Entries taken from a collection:
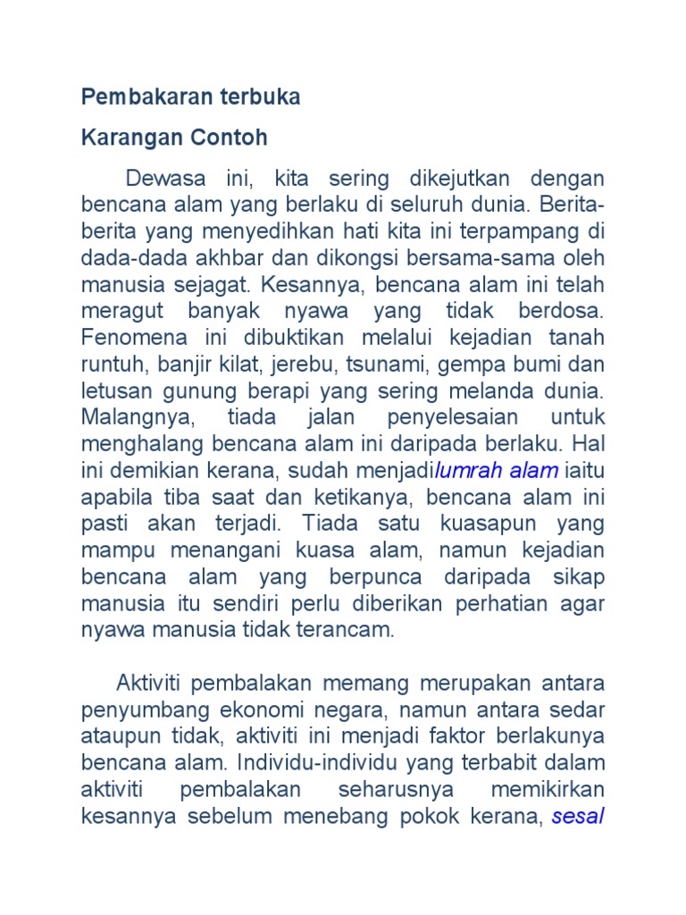 Karangan Kesan Pembakaran Terbuka
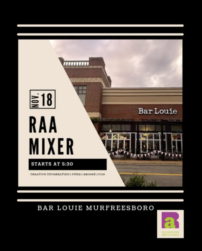 RAA members and friends are invited to our last monthly mixer for 2025, hosted by Executive Director Jeff Lysyczyn. Join us Tuesday, November 18, at 5:30pm at Bar Louie, located at The Avenue, 2615 Medical Center Parkway Suite 2395, Murfreesboro.
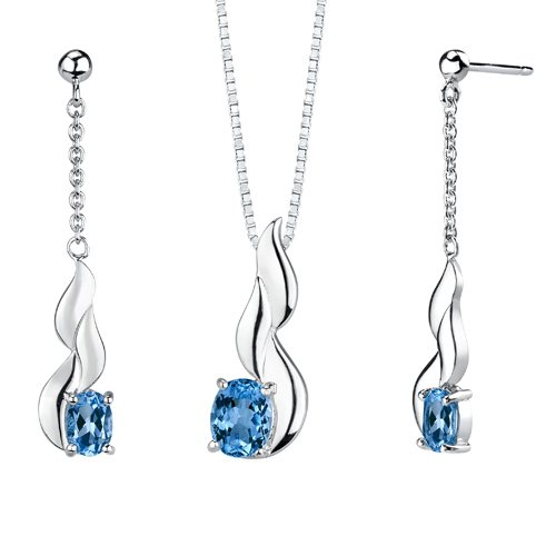 Revoni Ensemble de Lumière - Collier et Boucles d'oreilles pendantes sertis avec Topaze bleu de Londres 4,25 cts. - Inspiration pour femme - Argent fin 925/1000
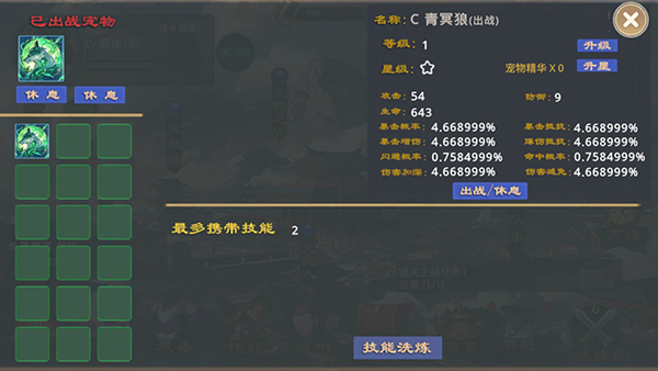 5、每种灵宠都有独特的技能,玩家在宠物达到五级时可以对其技能进行洗练升级,增加额外属性,提升战力,技能增加的属性只在战斗中生效。
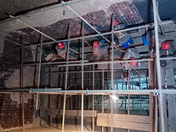 湖北循環(huán)流化床鍋爐耐火材料內(nèi)襯施工現(xiàn)場(chǎng)
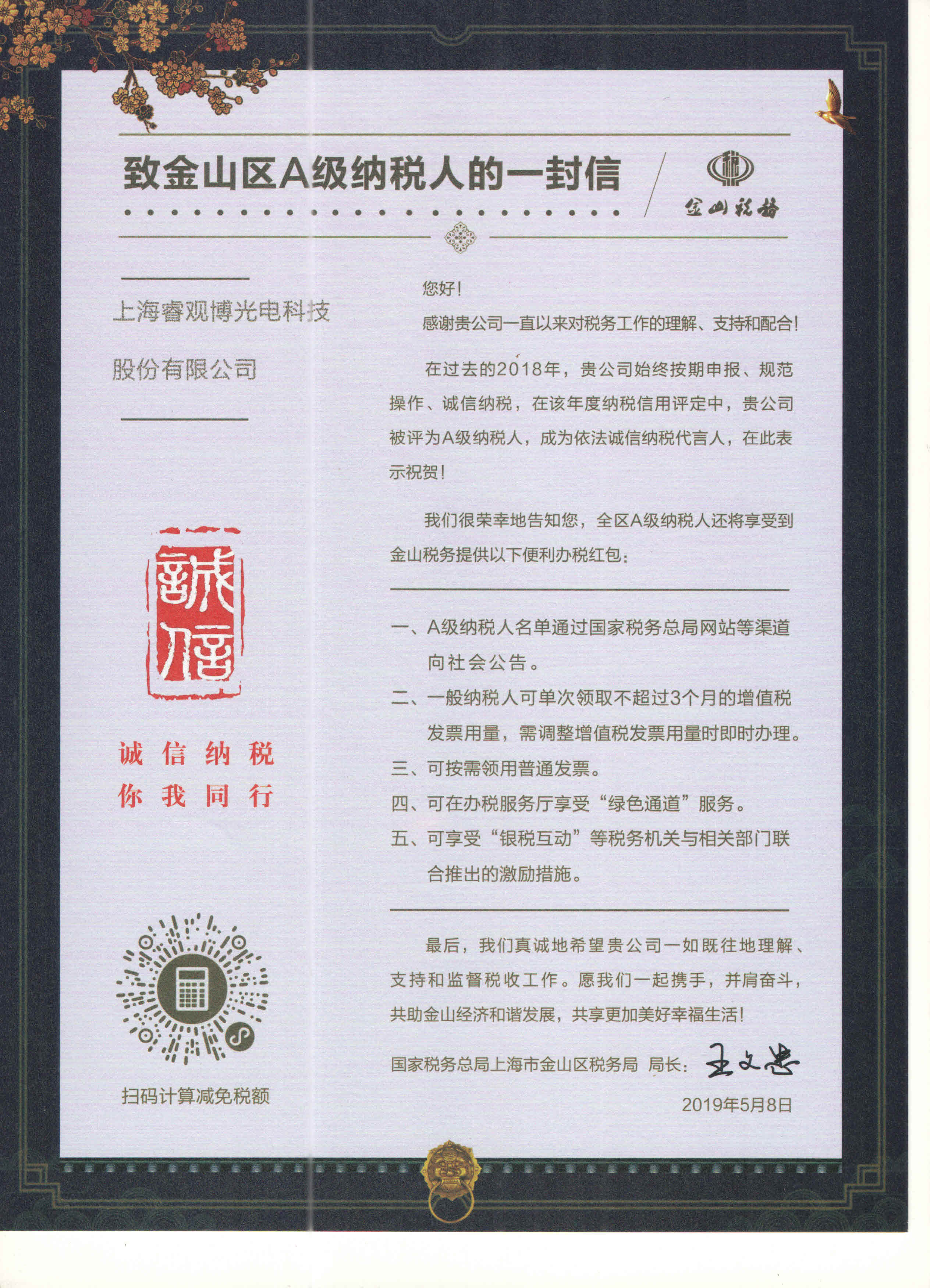 A級納稅企業(yè)證書金山區(qū)A級納稅企業(yè)

(ABOUT THIS EXERCISE)
Before copying, set the pictures aside; then reproduce each entry above exactly.

(RESPONSE TO THIS TASK)
 Karangan Kesan Pembakaran Terbuka
 RAA members and friends are invited to our last monthly mixer for 2025, hosted by Executive Director Jeff Lysyczyn. Join us Tuesday, November 18, at 5:30pm at Bar Louie, located at The Avenue, 2615 Medical Center Parkway Suite 2395, Murfreesboro.
 Revoni Ensemble de Lumière - Collier et Boucles d'oreilles pendantes sertis avec Topaze bleu de Londres 4,25 cts. - Inspiration pour femme - Argent fin 925/1000
 5、每种灵宠都有独特的技能,玩家在宠物达到五级时可以对其技能进行洗练升级,增加额外属性,提升战力,技能增加的属性只在战斗中生效。
 湖北循環(huán)流化床鍋爐耐火材料內(nèi)襯施工現(xiàn)場(chǎng)
 A級納稅企業(yè)證書金山區(qū)A級納稅企業(yè)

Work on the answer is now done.